**ASSIGNMENT:** In the records below, find the line with "Circle Game is part" and repeat exactly every line from it through the line with "Neobux — рабочий". Pictures stay out.

**GIVEN DATA:**
BEGIN

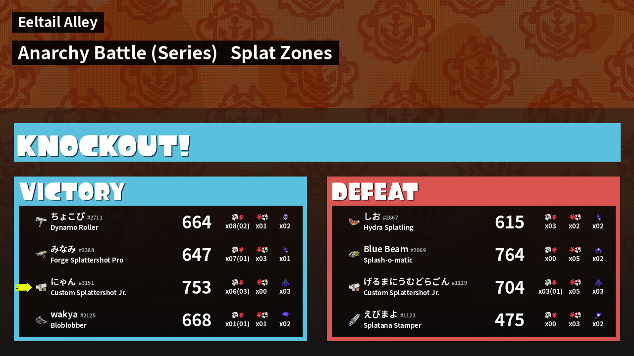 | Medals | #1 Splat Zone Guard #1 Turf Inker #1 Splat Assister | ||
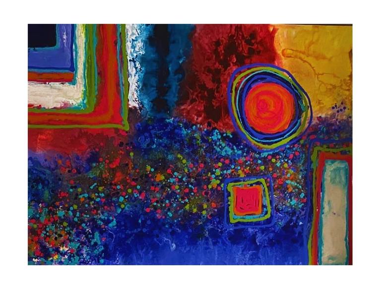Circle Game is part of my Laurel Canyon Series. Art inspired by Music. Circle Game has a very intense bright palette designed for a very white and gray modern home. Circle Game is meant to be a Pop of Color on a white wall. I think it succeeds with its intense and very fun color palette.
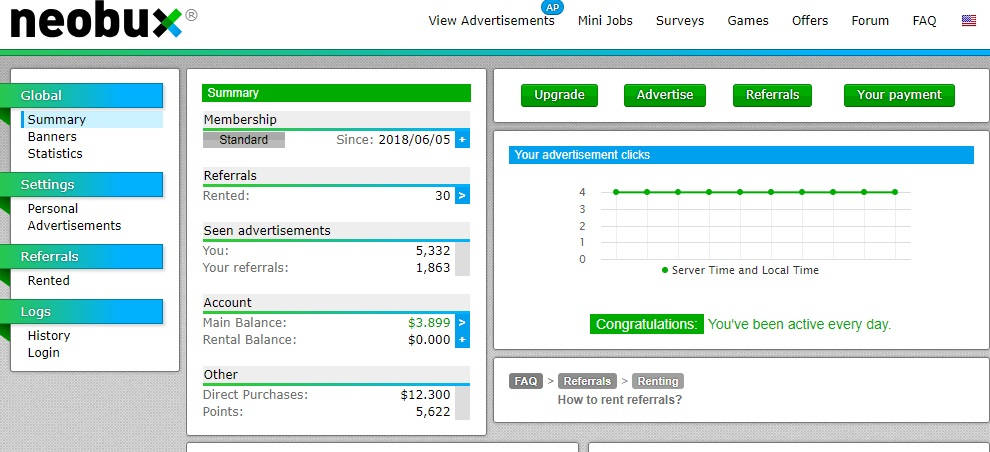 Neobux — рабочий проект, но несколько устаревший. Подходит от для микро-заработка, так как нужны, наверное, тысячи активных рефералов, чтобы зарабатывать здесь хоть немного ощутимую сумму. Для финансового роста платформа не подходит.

END
BEGIN

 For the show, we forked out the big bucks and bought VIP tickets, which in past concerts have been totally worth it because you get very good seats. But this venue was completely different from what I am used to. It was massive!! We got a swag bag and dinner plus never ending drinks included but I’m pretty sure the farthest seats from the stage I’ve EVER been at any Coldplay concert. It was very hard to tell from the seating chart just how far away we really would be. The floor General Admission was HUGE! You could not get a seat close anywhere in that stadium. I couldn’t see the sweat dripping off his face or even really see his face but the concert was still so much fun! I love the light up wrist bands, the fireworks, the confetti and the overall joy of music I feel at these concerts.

END

**TASK ANSWER:**
Circle Game is part of my Laurel Canyon Series. Art inspired by Music. Circle Game has a very intense bright palette designed for a very white and gray modern home. Circle Game is meant to be a Pop of Color on a white wall. I think it succeeds with its intense and very fun color palette.
 Neobux — рабочий проект, но несколько устаревший. Подходит от для микро-заработка, так как нужны, наверное, тысячи активных рефералов, чтобы зарабатывать здесь хоть немного ощутимую сумму. Для финансового роста платформа не подходит.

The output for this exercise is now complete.